Apesar da polêmica, especialistas ressaltam a necessidade de mudanças que diminuam a quantidade de siglas no Brasil. A PEC aprovada, de autoria dos senadores Aécio Neves (PSDB-MG) e Ricardo Ferraço (PSDB-ES), acaba com as coligações proporcionais – que seriam permitidas somente até as eleições municipais de 2020 – e estabelece uma cláusula de barreira, que coloca o índice mínimo de 2% votos a serem obtidos nacionalmente em 14 estados, nas eleições de 2018, para garantir o funcionamento de partidos.
O projeto impacta diretamente o funcionamento de legendas pequenas e nanicas, como os ideológicos Psol, PCdoB, Rede e outros, como PHS. Hoje, há 32 partidos no país, dos quais 28 têm representação na Câmara dos Deputados. Cerca de 15 deles poderiam ser afetados. Há ainda mais de 20 partidos em processo de criação no Tribunal Superior Eleitoral. Por isso, esses partidos costuram um acordo na Câmara para alterar a proporção para 1,5% dos votos em cinco estados – com um aumento gradual nesse percentual.
O PT deve apoiar essa proposta, já que parte dessas legendas ideológicas votou contra o impeachment da ex-presidente Dilma Rousseff. Apesar da resistência, o presidente da Casa, Rodrigo Maia (DEM-RJ), em acordo com o comandante do Senado, Renan Calheiros (PMDB-AL), pautar a matéria. Integrante da Comissão da Reforma Política na Câmara, o deputado Ronaldo Fonseca (Pros-DF) critica a proposta que deve ser aprovada em segundo turno no Senado.
“O sentimento que tenho é que vai ser engavetado quando chegar aqui. A reforma tem que iniciar na Câmara, que representa o povo. O acordo é para passar menos de 2%. Não deve se ter essa pressa toda. Ninguém está desesperado. O assunto mais importante no momento é a Lava-Jato”, diz. O partido de Fonseca é um dos que seria diretamente afetado pela mudança. O Pros tem seis deputados.O relatório sobre a reforma na Câmara só deverá ficar pronto em maio do ano que vem.
Transição
O líder do PTB, Jovair Arantes (GO), afirma que não há consenso em torno da matéria. E afirma que o Senado não deveria ser o responsável pelo pontapé inicial da reforma. “O Senado está votando algo que não diz respeito a eles. A Câmara representa o povo e vamos discutir com muita tranquilidade. Eu acredito que deve haver uma transição. Pode ser um índice de 1,5% em cinco estados e vai aumentando. Mas não pode ser 2% em 14 estados”, afirma.

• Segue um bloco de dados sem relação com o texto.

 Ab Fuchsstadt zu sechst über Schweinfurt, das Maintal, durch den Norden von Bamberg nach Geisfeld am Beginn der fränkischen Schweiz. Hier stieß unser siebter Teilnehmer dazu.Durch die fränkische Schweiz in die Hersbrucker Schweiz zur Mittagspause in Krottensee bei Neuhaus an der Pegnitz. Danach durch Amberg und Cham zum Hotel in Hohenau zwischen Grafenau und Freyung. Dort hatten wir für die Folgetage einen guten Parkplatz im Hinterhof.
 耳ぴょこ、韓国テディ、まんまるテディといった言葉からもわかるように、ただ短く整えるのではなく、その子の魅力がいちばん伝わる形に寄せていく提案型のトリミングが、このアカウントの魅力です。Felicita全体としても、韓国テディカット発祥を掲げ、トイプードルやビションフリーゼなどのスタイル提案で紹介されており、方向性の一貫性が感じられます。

Durante a votação da proposta em primeiro turno, o senador Randolfe Rodrigues (Rede-AP) apresentou uma emenda para reduzir o índice de 2%, mas foi derrotado.

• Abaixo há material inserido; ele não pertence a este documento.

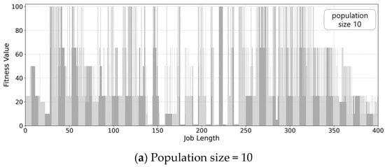To determine the population size, we investigate the relationship between the population size and fitness function ranges. Figure 5 shows the fitness value of the final selected solutions when the population size is set to 10, 100, and 1000, respectively. As shown in the figure, a population size of 10 does not produce competitive results in terms of fitness value, but the fitness values are very similar when the population size is 100 and 1000. We choose a population size of 100, as it incurs a low overhead but exhibits sufficiently good results. Based on this, we randomly generate 100 solutions as the initial population.
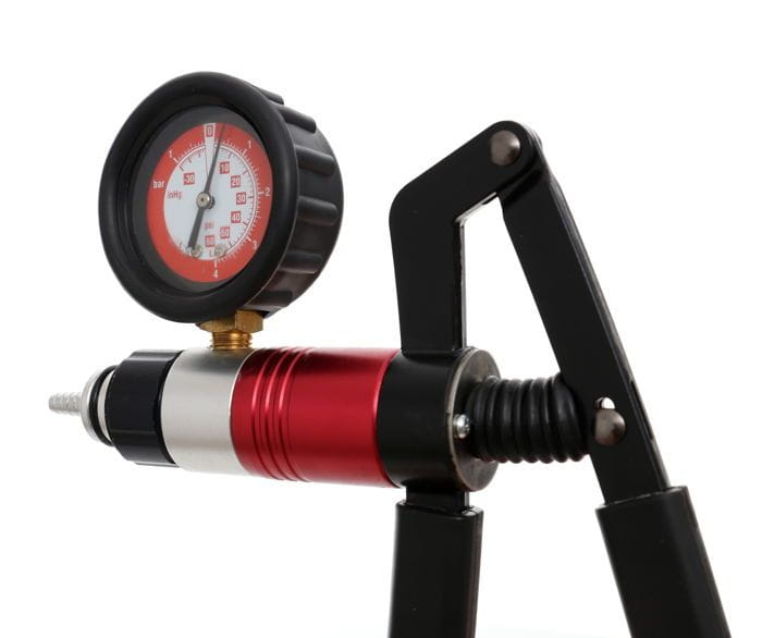 Manometr wbudowany bezpośrednio w korpus pompki umożliwia odczyt wartości ciśnienia lub podciśnienia podczas pracy bez konieczności stosowania dodatkowych przyrządów pomiarowych. Podwójna skala PSI/BAR ułatwia porównywanie wyników z dokumentacją techniczną pojazdu, która może używać różnych jednostek.

O líder do PMDB no Senado, Eunício Oliveira (SE), defende a aprovação das medidas na Câmara como estão. “As consequências do atual sistema é que você não têm partidos com densidade, partidos com consistência. A maior democracia do mundo tem dois partidos políticos”, citou.
Professor de Ciência Política da Universidade Federal de Minas Gerais (UFMG), Carlos Ranulfo Melo avalia como essencial a aprovação de uma cláusula de desempenho. “Mesmo que se aprove uma cláusula de 1,5% e suba progressivamente, o melhor é avançar nesse sentido. Se aprovasse, já faria uma certa limpa e inibiria o surgimento de mais partidos”, opina. Ranulfo pondera um outro problema de a PEC do Senado ser analisada agora: o tema ser confundido com as eleições para a presidência da Câmara. “Os deputados vão começar a fazer campanha. Você tem que separar as coisas”, disse.
Professor da Universidade de Brasília (UnB), o cientista político João Paulo Peixoto não só diz que já passou da hora de a clásula ser aprovada, como avalia o índice mínimo de 2% dos votos em 14 estados como baixo. “Acho que 2% ainda é pouco e vem com atraso. Os partidos pequenos têm que desaparecer. Ou se legitimam ou desaparecem, porque funcionam como partidos de aluguel”, diz. Peixoto faz uma ponderação quanto a legendas ideológicas, como PCdoB e Psol, e diz acreditar que elas se salvem com o índice mínimo estabelecido. “O PCdoB tem tradição, mas também precisa se legitimar”, avalia.
Propostas para a reforma
Fim das coligações proporcionais
As coligações são alianças formadas entre os partidos à época das eleições e que podem aumentar o tempo disponível em propagandas de rádio e tevê, por exemplo. No caso dos pleitos proporcionais, nos quais são eleitos vereadores, deputados federais, estaduais e distritais (no caso do DF), a quantidade de votos obtidos pela coligação influencia no número de candidatos que, de fato, vão assumir os postos. Um candidato muito bem votado, com o número de apoios superior ao quociente eleitoral, mas que faça parte de uma coligação com desempenho inferior, pode ficar de fora do parlamento pelos critérios da proporcionalidade.
Cláusula de Barreira ou de Desempenho
Estabelece normas para o funcionamento dos partidos, para que tenham acesso ao fundo partidário e tempo de rádio e tevê, por exemplo. Segundo a proposta aprovada semana passada no Senado, a partir das eleições de 2018, as legendas só poderão funcionar se tiverem adquirido 2% da média dos votos válidos nacionalmente, e 2% em pelo menos 14 unidades da federação – metade dos estados. A partir de 2022, o índice mínimo subirá para 3% dos votos válidos, com as mesmas regras. Parlamentares de partidos menores, derrotados no Senado, vão tentar, na Câmara dos que o índice seja de 1,5% do total dos votos em cinco estados, aumentando gradativamente.
Fundo Partidário
Dinheiro público destinado aos partido, adquirido por meio de doações, dotações orçamentárias da União, multas eleitorais, entre outras. O fundo é distribuído mensalmente entre as legendas. Do total, 5% são destinados igualmente a todos os partidos. Os outros 95% são distribuídos proporcionalmente, de acordo com os votos obtidos nas últimas eleições na Câmara dos Deputados, levando-se em conta, portanto, o tamanho das bancadas.
Fim da reeleição
Outra medida que deverá ser colocada em análise no Senado na próxima semana é umaoutra Proposta de Emenda à Constituição (PEC), que acaba com a possibilidade de reeleição para postulantes a cargos no Executivo Federal. Dessa forma, governadores, prefeitos e o presidente da República não podem ser reeleitos. Parlamentares defendem que o mandato seja, então, aumentado para cinco anos, no lugar de quatro.